由于技术进步对代理能力的改进，人类代理团队(hat)的流行正在扩展到更动态和复杂的环境中。先前的研究表明，人类对代理人的信任在团队的成功和任务有效性中起着关键作用(Yu et al.， 2019;Kohn et al.， 2020)。因此，理解并能够准确地度量HATs中的信任是至关重要的。文献提出了许多方法来捕获和测量hat中的信任，包括行为指标，自我报告调查项目和生理测量来捕获和量化信任。然而，决定何时以及使用哪些度量标准可能是一个令人不知所措且乏味的过程。
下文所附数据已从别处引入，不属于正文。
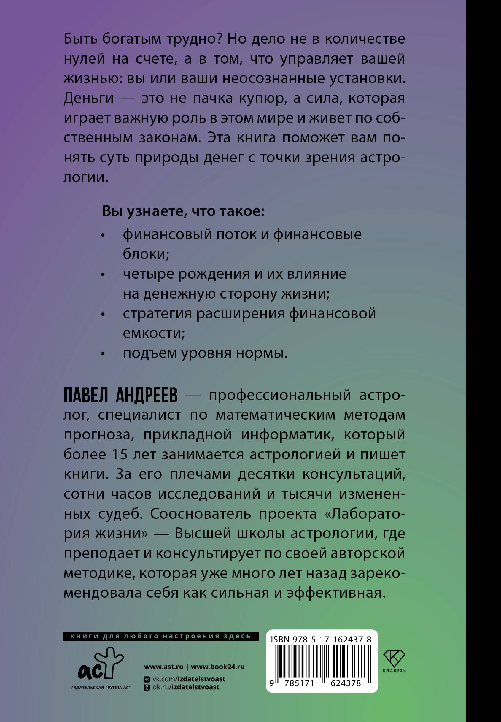 Быть богатым трудно? Но дело не в количестве нулей на счете, а в том, что управляет вашей жизнью: вы или ваши неосознанные установки. Деньги - это не пачка купюр, а сила, которая играет важную роль в этом мире и живет по собственным законам. Эта книга поможет вам понять суть природы денег с точки зрения астрологии. Вы узнаете, что такое: • финансовый поток и финансовые блоки; • четыре рождения и каково их влияние на денежную сторону жизни; • стратегия расширения финансовой емкости; • подъем уровня нормы. Павел Андреев - профессиональный астролог, специалист по математическим методам прогноза, прикладной информатик, который более 15 лет занимается астрологией и пишет книги. За его плечами десятки консультаций, сотни часов исследований и тысячи измененных судеб. Сооснователь проекта "Лаборатория жизни" - Высшей школы астрологии, где преподает и консультирует по своей авторской методике, которая уже много лет назад зарекомендовала себя как сильная и эффективная.| Издательство | Издательство "АСТ" |
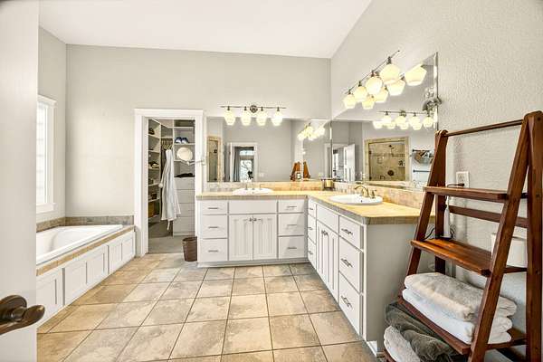 - Breakfast Bar, Central Vacuum, Granite Counters, High Speed Internet, Kitchen Island, Linen Closet, Open Floorplan, Pantry, Primary Downstairs, Smart Thermostat, Soaking Tub, Tile Shower, Vaulted Ceiling(s), Walk-In Closet(s), Wired For Sound
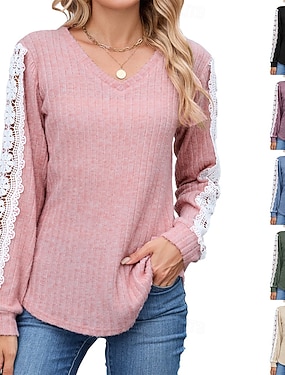 T-shirt Femme Couleur Unie Élégant Décontracté Manches Longues Col en V Tops Réguliers Quotidiens Dentelle Patchwork Bleu Noir Blanc Vert Gris Foncé Printemps Automne Hiver
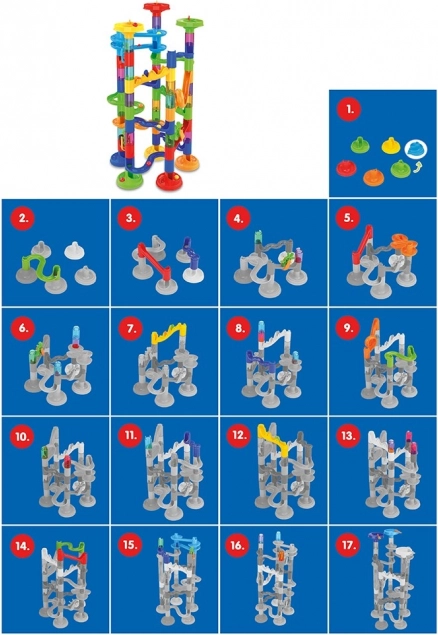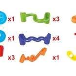 set pista per biglie con 78 pezzi! Questo set creativo permette ai bambini di costruire diverse piste per le biglie, sviluppando il pensiero logico e la motricità fine.
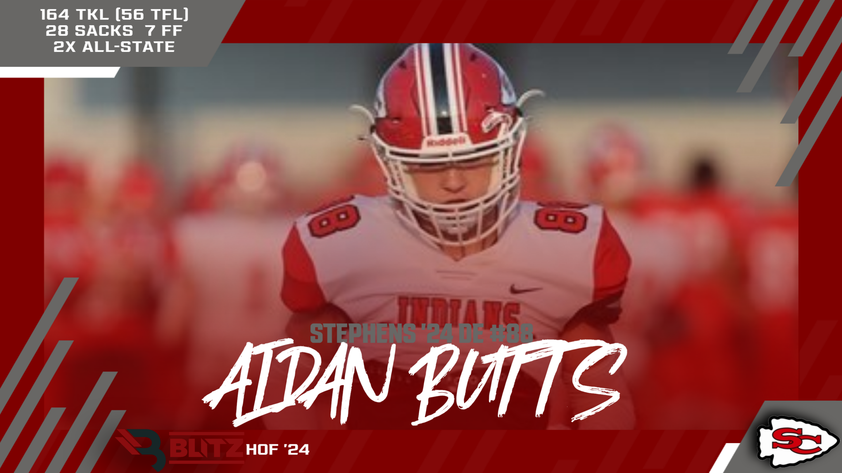 Aidan Butts was a force to be reckoned with for the Indians. The defensive end was a 2-time All-State selection, totaling 164 TKL (56 TFL), and closed his career with 28 Sacks and 7 forced fumbles. His senior year (2023) saw him go for 73 tackles (26 for loss) and 12 sacks, while he registered 75 tackles (26 for loss) and 16 sacks as a junior in 2022. Butts went on to play at Middle Tennessee State University. (30 votes, Producer’s Pass)

为了解决这个问题，我们之前开发了一个理论框架来指导研究人员在HAT环境中使用哪些措施以及何时使用这些措施(Ficke et al.， 2022)。更具体地说，我们根据八个标准评估了hat中常见的信任度量，并根据动态信任的预期程度以及团队成员相互互动的频率，演示了不同类型度量在各种场景中的效用。在目前的工作中，我们在一个基于模拟的研究环境中实现了这个框架。特别是，我们开发了一个模拟搜索和救援任务范例，其中一个人类队友与两个自主代理子团队交互，以识别和响应目标，如敌人，简易爆炸装置和被困平民。以Ficke等人(2022)的框架为指导，我们确定了自我报告、行为和生理措施，以在个人、子团队和整个团队层面捕捉人类对自主代理对手的信任。测量方法包括单项目和多项目自我报告调查，选择它们是因为它们在研究领域的可访问性和普遍性，以及它们评估多方面结构的简单能力。这些自我报告的措施也将被用来评估收敛效度的新开发的不引人注目的(即行为，生理)措施的信任。此外，利用六步理性方法开发基于系统的措施(RADSM)过程，我们将信任理论与范式中的可用数据交叉引用，以开发适合上下文的信任行为措施。RADSM过程不同于传统的以数据为主导的方法，因为它同时是自上而下(数据驱动)和自下而上(理论驱动)的方法(Orvis等人，2013)。通过这个过程，我们确定了一系列度量，如使用行为(使用或滥用实体)、监控行为、响应时间和其他特定于上下文的操作来获取信任。我们还采用了捕获生理反应的工具，包括心电图读数和皮肤电反应。这些测量将被用于一系列基于模拟的实验，以检验信任违背和修复策略对信任的影响，并评估测量框架的效度和信度。本文将描述用于识别、开发和/或实现这些度量的方法，结果度量的实现以及结果度量工具箱如何映射到评估标准(例如，时间分辨率，诊断性)，以及在其他领域实现的指导。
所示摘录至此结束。